Copilot Shows Access Denied on Some Shared Mailboxes but Not Others
This indicates inconsistent permission assignments. Each shared mailbox must have the user added individually under Full Access. Group-based permissions are not automatically recognized by Graph for Copilot. Use the Exchange admin center to check each mailbox separately. Avoid using distribution groups to grant access — add the user directly.
Copilot Does Not Appear in the Shared Mailbox Ribbon
The Copilot button may be grayed out or missing entirely when you open a shared mailbox. This is a client-side behavior. Outlook hides Copilot for mailboxes where it cannot read data. After you complete the permission steps above, close and reopen Outlook. If the button remains disabled, sign out of Microsoft 365 and sign back in. This forces the client to refresh the permission cache.

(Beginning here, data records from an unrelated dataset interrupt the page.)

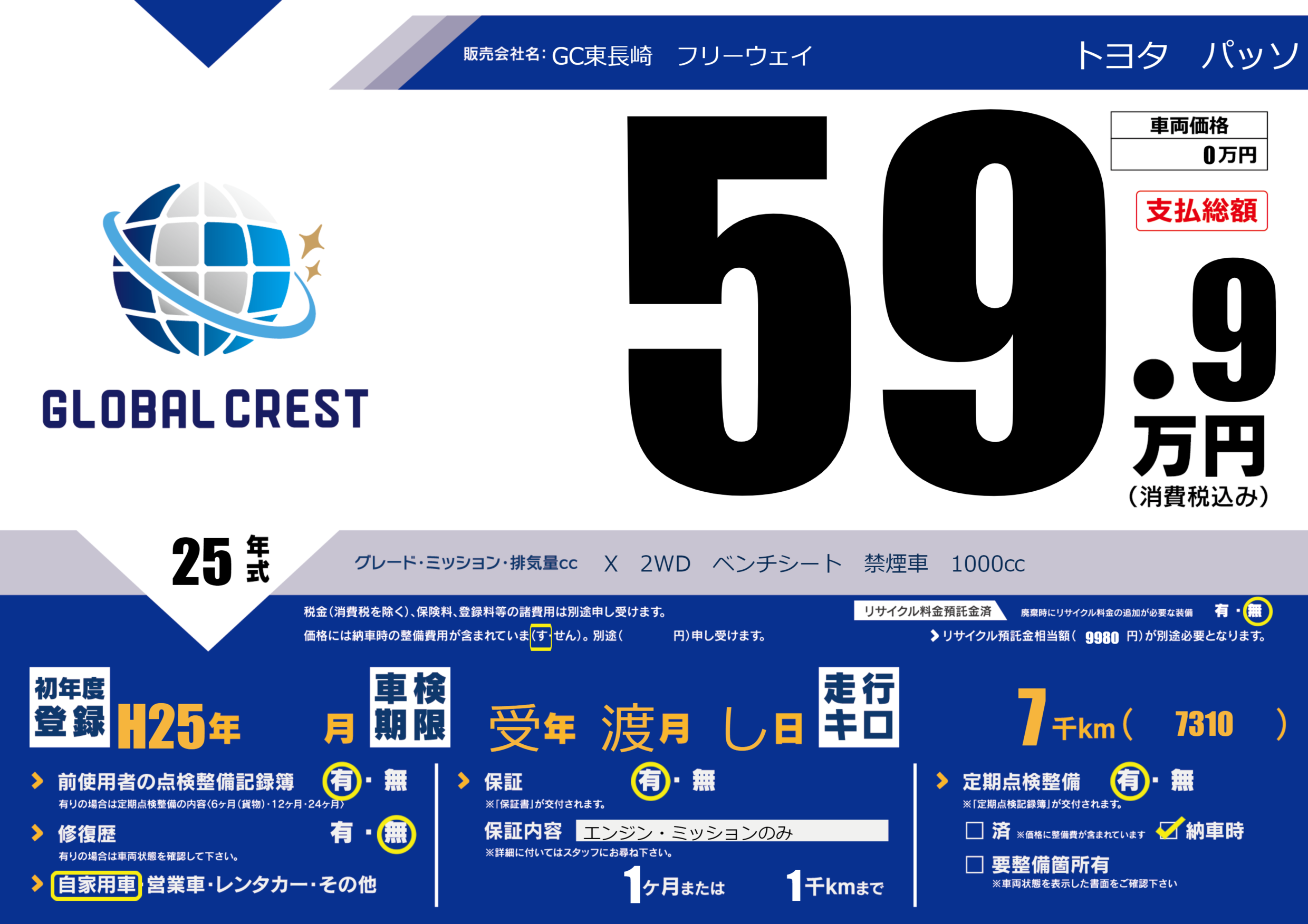 | 車名 | トヨタ パッソ | グレード ミッション 排気量 |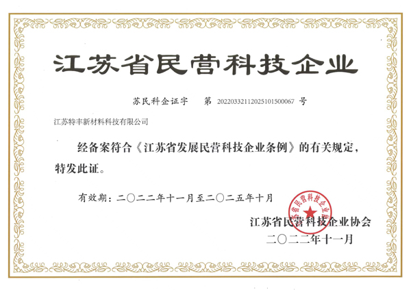 2022年度江蘇省專精特新中小企業(yè) | 江蘇省民營科技企業(yè) | |
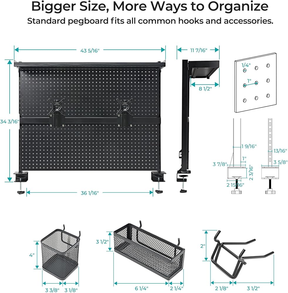 EUREKA ERGONOMIC Metal Pegboard, 43x34inch Clam on Desk Pegboard with Dual Monitor Stand, Garage Pegboard with 4 Accessories, Desk Shelves for Tool organizer, Office, Gaming Desk, Workbench, Black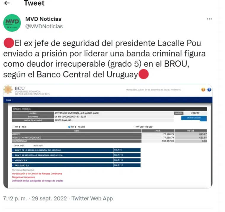 Según informó MVD Noticas, Astesiano también figura como deudor grado 5, que significa irrecuperable del Banco República, según la clasificación que hace el Banco Central.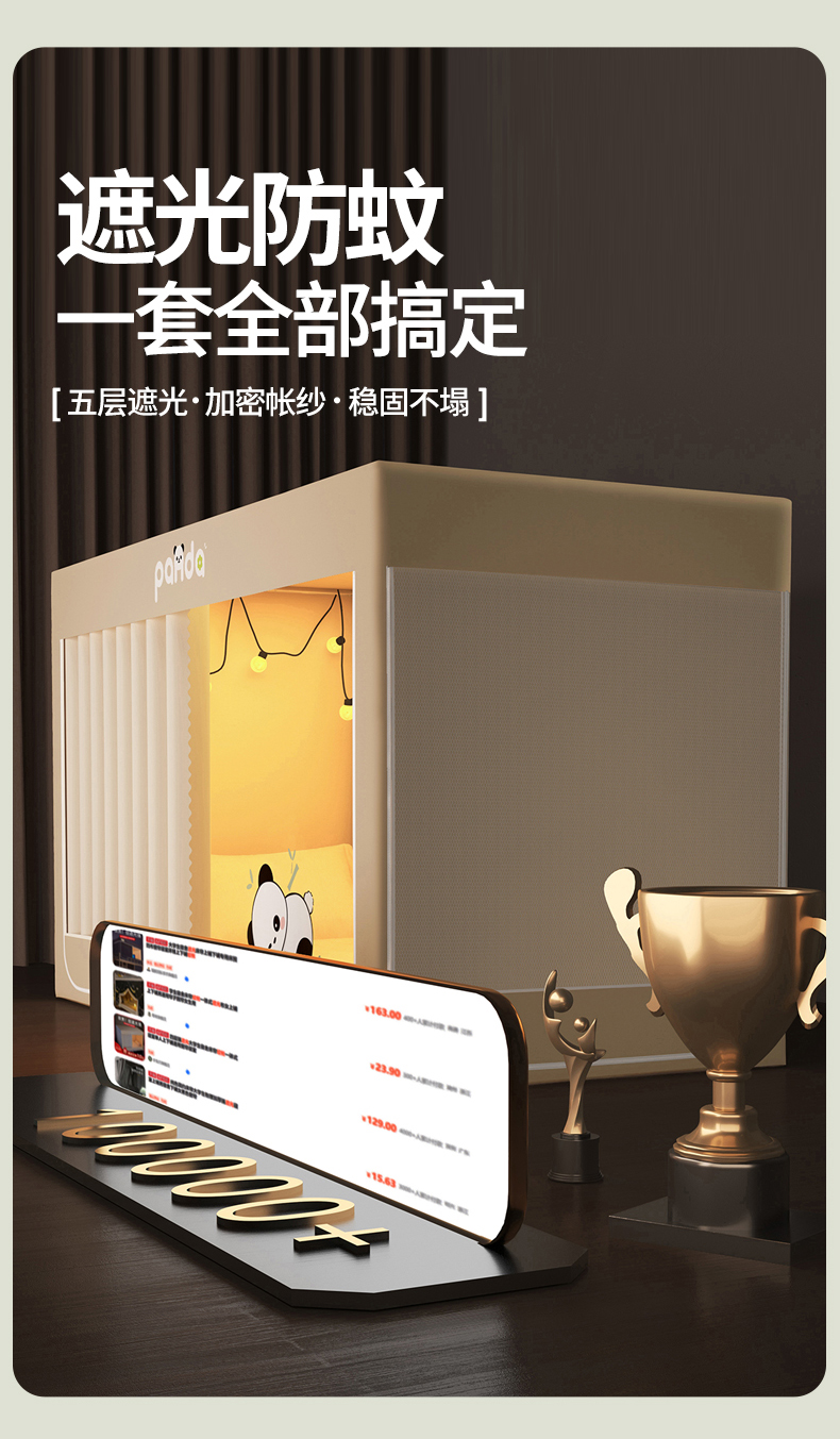 90*190*90cm(下铺单门)帐纱+升级自连支架(无帘遮光) | ¥55.00 |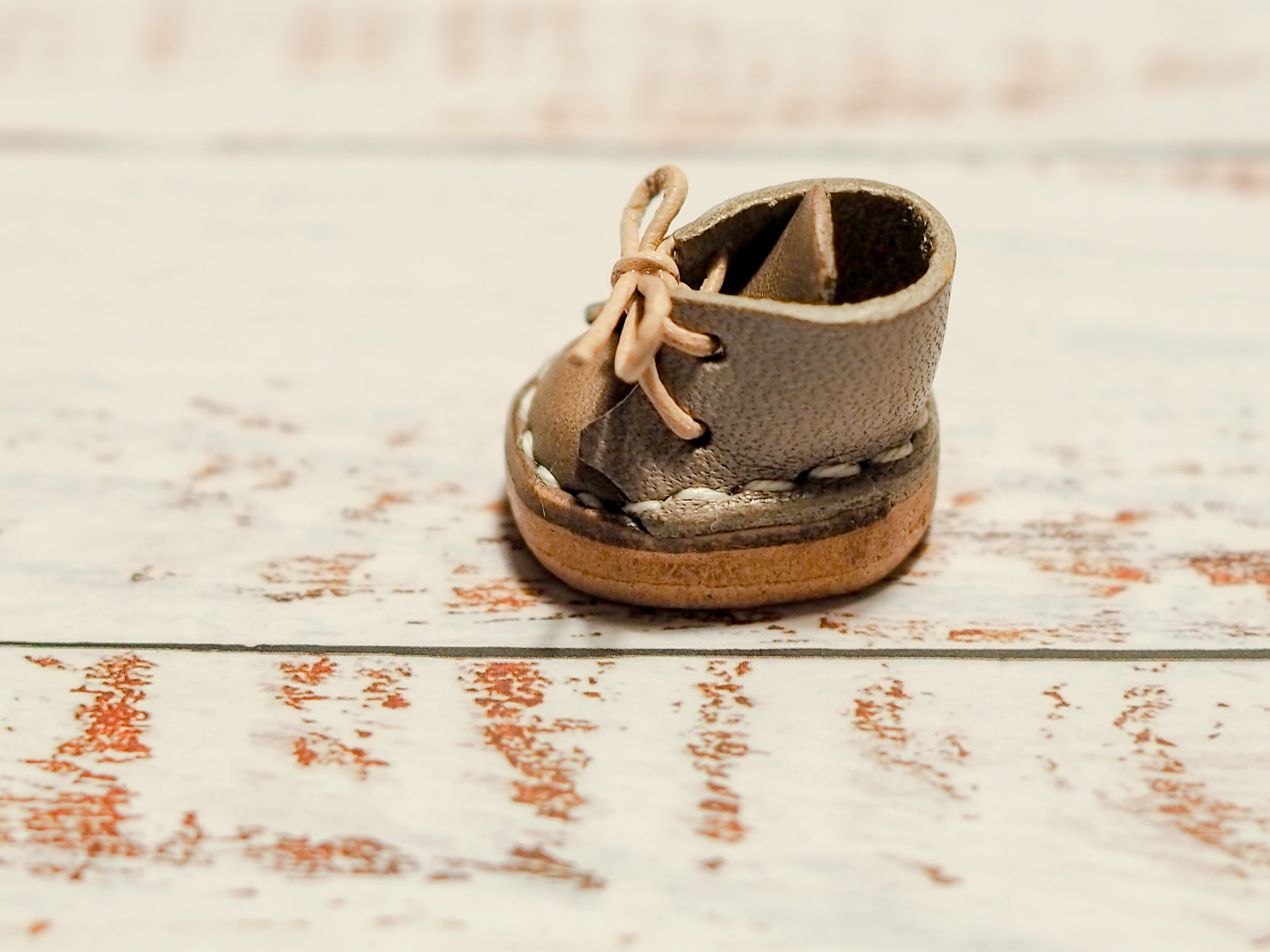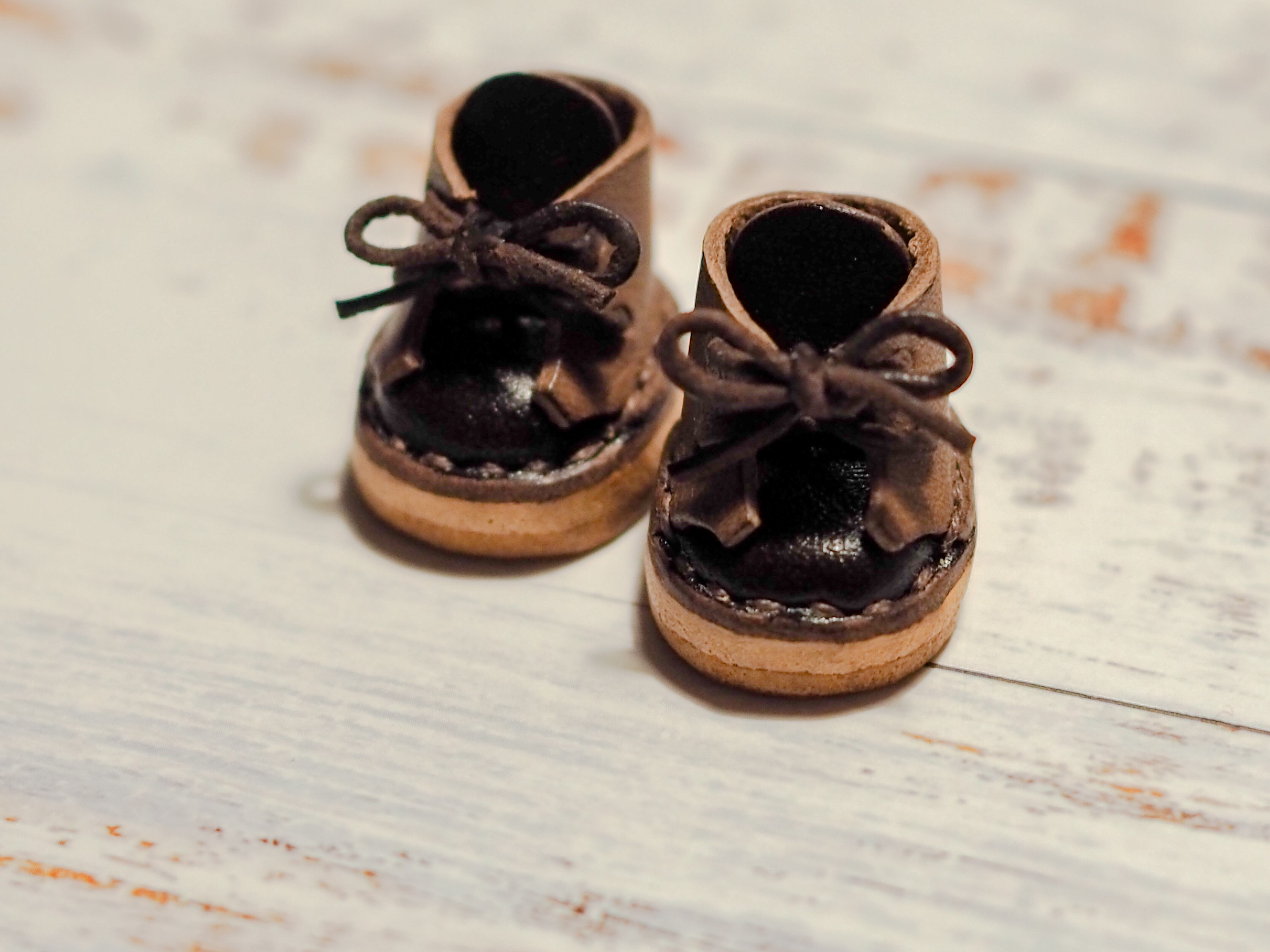 本革にて製作したぬい靴です。試着は10cm~12cmの我が家のぬい達が担当しています。 履いてバランスを取っていただくことで自立のお手伝いをいたします。
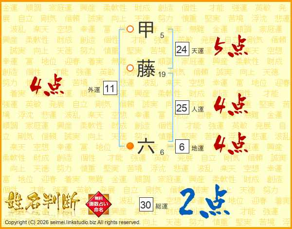 甲藤六さんの人運は25画の4点!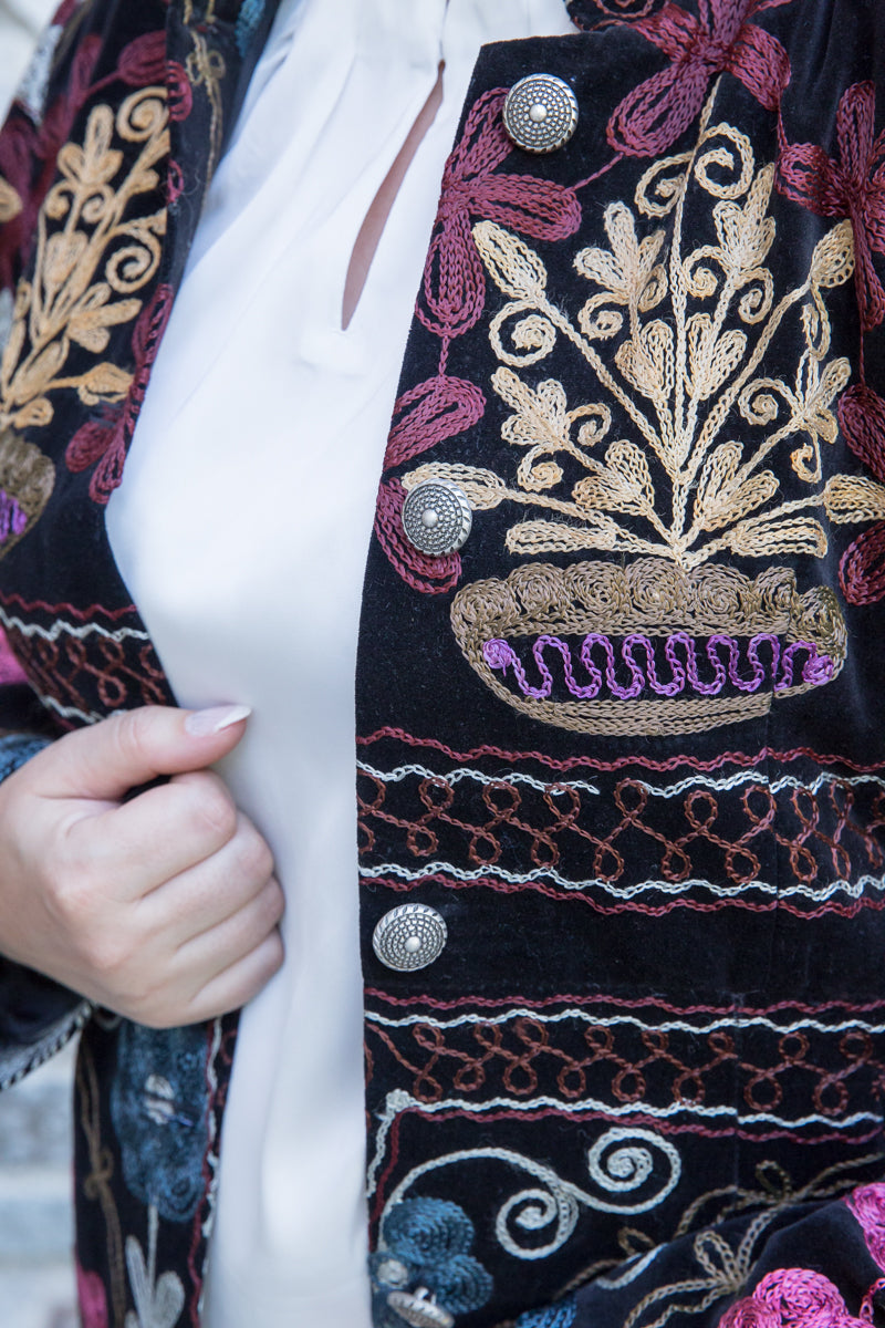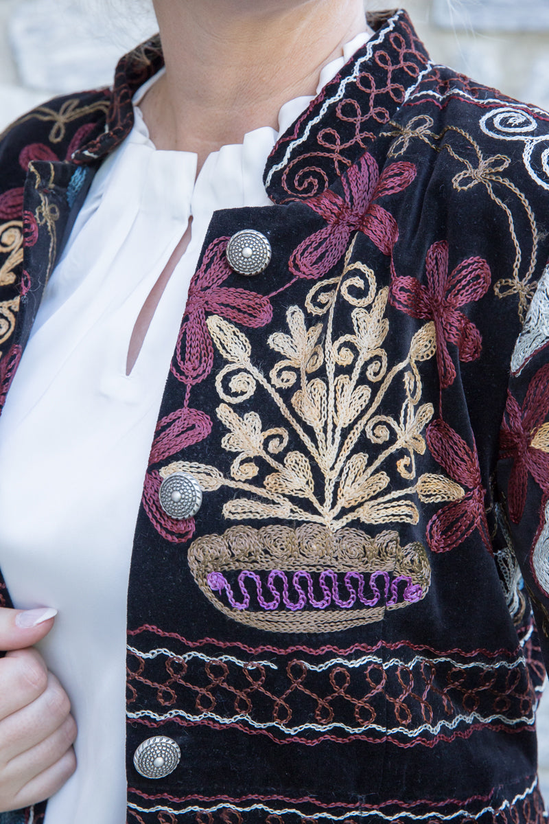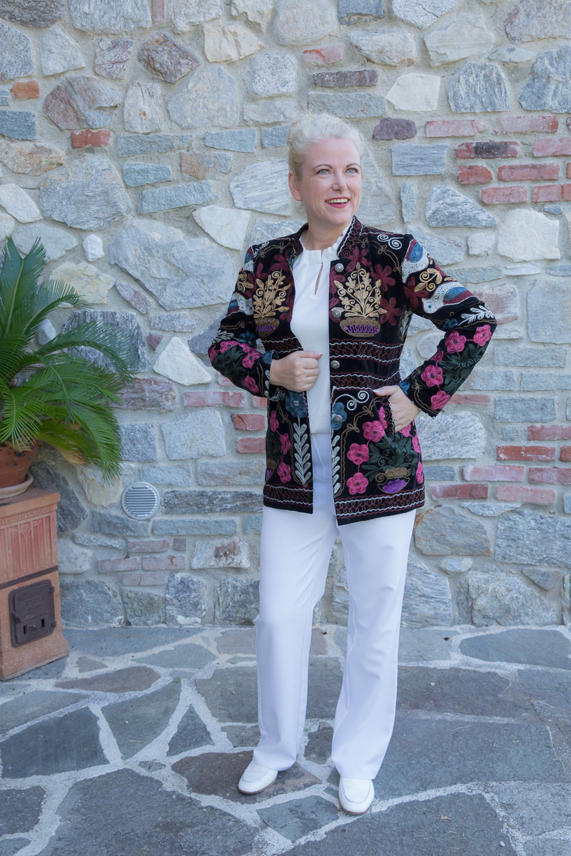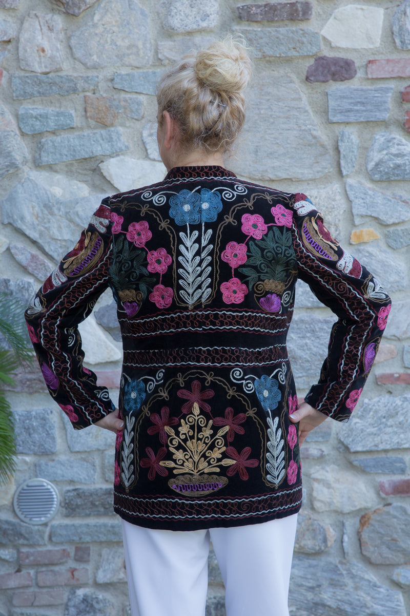 Giacca lunga ed avvolgente, perfetta anche come soprabito versatile e facile da indossare. Allegra, colorata e raffinata, questa giacca aggiunge un tocco di particolarità e charme al tuo look. Indossarla significa distinguersi con gusto e unicità, ricevendo complimenti ammirati ovunque tu vada. Ogni capo esprime grinta e personalità, garantendo l'esclusività di pezzi unici e introvabili. I dettagli come i preziosi bottoni gioiello, sostituiti uno per uno, conferiscono uno standard di qualità e stile ineguagliabile.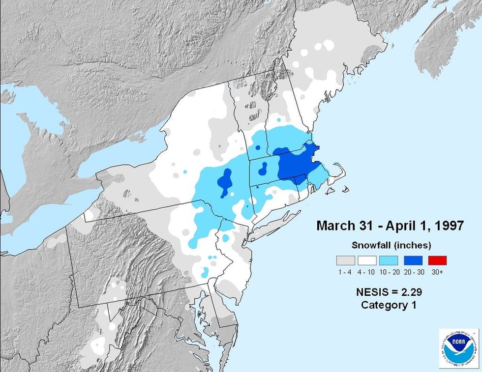 (A meteorological picture of the April Fool's Day Blizzard of 1997)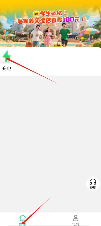 1、用户在软件首页点击充电,即可进入充电站查询界面进行下一步操作。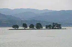 A special sunset viewing platform (Yuuhi Spot) which has been constructed along the lakeside is the best place to see the sun go down behind Yomegashima island.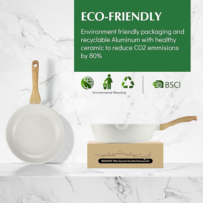 • Building a Green Future Starts in Your Kitchen - Made with recycled aluminum, reduces CO₂ emissions by 80%. Our eco-conscious cookware delivers professional performance while reducing environmental impact.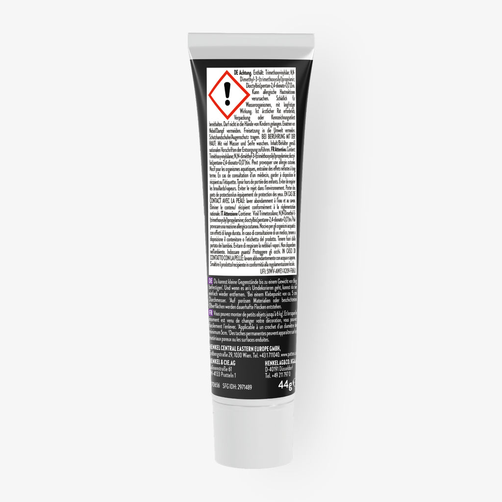 Dank seiner starken Haftung sorgt der Kleber für festen Halt und kann Gegenstände bis zu 6 Kilogramm pro Klebepunkt zuverlässig tragen. Die wasserfeste Formel ist speziell für feste, nicht poröse Oberflächen wie Fliesen, Glas, Edelstahl, PVC oder Holz entwickelt worden.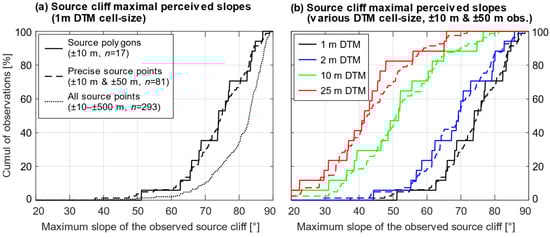 Effect of the loss of precision on the interpretations related to the rockfall sources when using coarser DTMs. At a cell size of 1 m, most mapped sources have a cliff steeper than 50° in their vicinity. With coarse DTMs, the cumulative curves are artificially shifted toward gentler maximal slopes.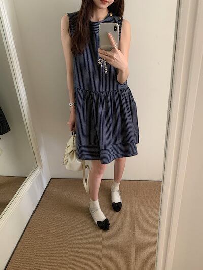 2024 夏 韓国ワンピース ミニ丈 Aライン ストライプ ラウンドネック ノースリーブ ハイウエスト 美脚効果 脚長効果 細見え 夏 おしゃれ かわいい キュート ガーリー 韓国ファッション レディ

Copilot in Primary Mailbox vs Shared Mailbox: Key Differences
| Item | Primary Mailbox | Shared Mailbox |
|---|---|---|
| Permission model | User is the owner, Full Access implicit | User must be explicitly added as a member with Full Access |
| Graph Mail.Read scope | Works automatically after tenant-level consent | Requires tenant-level consent plus explicit user permission on the mailbox |
| Copilot availability | Always available after license assignment | Available only after Exchange and Entra configuration steps |
| Delegate-only access | Not applicable | Does not enable Copilot; Full Access is required |
| Role needed | None beyond standard user role | ApplicationImpersonation role recommended for consistent access |
You can now configure shared mailboxes so Copilot reads and summarizes their content. Start by adding each user as a Full Access member in the Exchange admin center. Then confirm that tenant-wide admin consent for Mail.Read is granted in the Entra admin center. For persistent issues, assign the ApplicationImpersonation role to the user. This setup also applies to Copilot in Outlook on the web, so you do not need separate steps for each client.